Thermodynamics of the aggregation of the bile anions of obeticholic and chenodeoxycholic acids in aqueous solution

Abstract A complete characterization of the aggregation process of the sodium salts of chenodeoxycholic (NaCDC) and obeticholic (NaObC) acids has been carried out by using different experimental techniques. Since it is well known that the presence of hydrophobic groups strongly reduce the critical aggregation concentrations and modifies the type of aggregation structures which can be formed, it could be expected that the introduction of an ethyl group into the structure of the chenodeoxycholic acid, to form the obeticholic derivative, could give rise to important modifications in its aggregation behavior. However, it has been observed that the aggregation numbers (determined in the range of temperatures 10–40 °C from ITC measurements) are identical to each other, a fact which was supported by the determination of the hydrodynamic radius from dynamic light scattering. This similarity was also observed for the fraction of bound counterions determined from the well-known Corrin–Harkins plot, being equal to 0.33 for both compounds.

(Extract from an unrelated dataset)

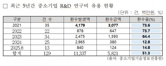 ±¹È¸ »ê¾÷Åë»óÀÚ¿øÁß¼Òº¥Ã³±â¾÷À§¿øÈ¸ ¼Ò¼Ó ±èµ¿¾Æ ÀÇ¿ø(´õºÒ¾î¹ÎÁÖ´ç, ¼¿ï ¼´ë¹®°©)ÀÌ Áß¼Ò±â¾÷±â¼úÁ¤º¸ÁøÈï¿ø(ÀÌÇÏ ±âÁ¤¿ø)À¸·ÎºÎÅÍ Á¦Ãâ¹ÞÀº ‘ÃÖ±Ù 5³â°£ Áß¼Ò±â¾÷ R&D ¿¬±¸ºñ À¯¿ë ÇöȲ’ÀÚ·á¿¡ µû¸£¸é R&D ¿¬±¸ºñ À¯¿ëÀº 129°ÇÀ¸·Î 110¾ï ¿øÀ» ȯ¼öÇØ¾ß ÇÏ´Â °ÍÀ¸·Î ³ªÅ¸³µ´Ù.

Finally, the polarity of the interior of the aggregate as measured by the ratio of the fluorescence intensities of the first and third vibronic peaks, I1/I3, of monomeric pyrene solubilized within the aggregates is also identical within the experimental error. The main differences correspond to: (1) the temperatures at which the enthalpy of demicellization is zero (31.4 (NaObC) and 26.8 °C (NaCDC)); and (2) the cmc value for NaObC is roughly half the one for NaCDC as observed from surface tension, fluorescence and ITC measurements. This implies that the free energy for the demicellization process is around 2 kJ mol−1 larger for NaObC than for NaCDC. (3) Finally, the difference in the change in the heat capacity of the aggregation (being 60 J mol−1 K−1 higher for ObCA) is due to the different number of water molecules which are lost during the monomer transfer from the bulk solution to the micellar aggregate.